I was a crazy teenager once. I lived in high heels, jeans and a leather jacket for three years. I listened to heavy metal and classic rock. We raised each other back then. I’m glad I wasn’t raised by the web. You wanted to know stuff, you had to read books. I was made a sandwich, and given a dollar a day, that bought me a soup and a mint Aero bar. Grade nine and ten, school was just a place to be. It almost cost me my graduation. When school was out, loads of us hung out at a local middle school on the hill. Weekends were at the bottom of the bluffs, up to no good. Police used to come in to shore from the lake and kids would scatter up the cliff.
Grade eleven and twelve I found football and helped manage our team. I needed every single credit to graduate. I joined drama and did a co-op course in physical education helping special needs.

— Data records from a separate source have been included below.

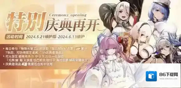 4.开启限时活动「特别庆典再开」,活动时间5月21日维护后~6月13日维护
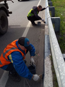 В ходе работ малая коммунальная техника и работники ручной уборки отмывают бортовой камень и металлические ограждения от грязе – соляных отложений, а затем производится покраска.
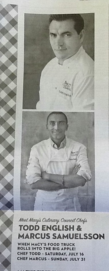 For those interested in the first stop of the Macy’s Food Truck, it is happening this weekend, July 16, downtown at Union Square’s Farmers Market with Chef Todd English.

Kids were still segregated then. I befriended teachers, lost friends in car accidents and seen more alcohol poisoning then I care to see again. Television shows had a moral to the story. We had assemblies with real people that told stories of real obstacles in life. Nobody sugar coated anything. Abuse, neglect were family secrets that you only guessed about. Canadian Human Rights Act was formed in 1977, but the revision in 1985, I remember.
The children of yesteryear are not vastly different then the next. They have changed, but every parent of every generation can attest to the amount of change in the next generation. I try to picture my Gram having teens in the sixties. Each generation has it’s own set of uniqueness. You have the good, bad and the ugly in every set. You have different skill sets, different fails and successes. Each one brings evolution of the human race. You are part of the process, a stepping stone. You are responsible, either by example or creation of all future generations. For this reason, you are important. Your actions, attitudes and reactions are all being watched. Be the difference we need.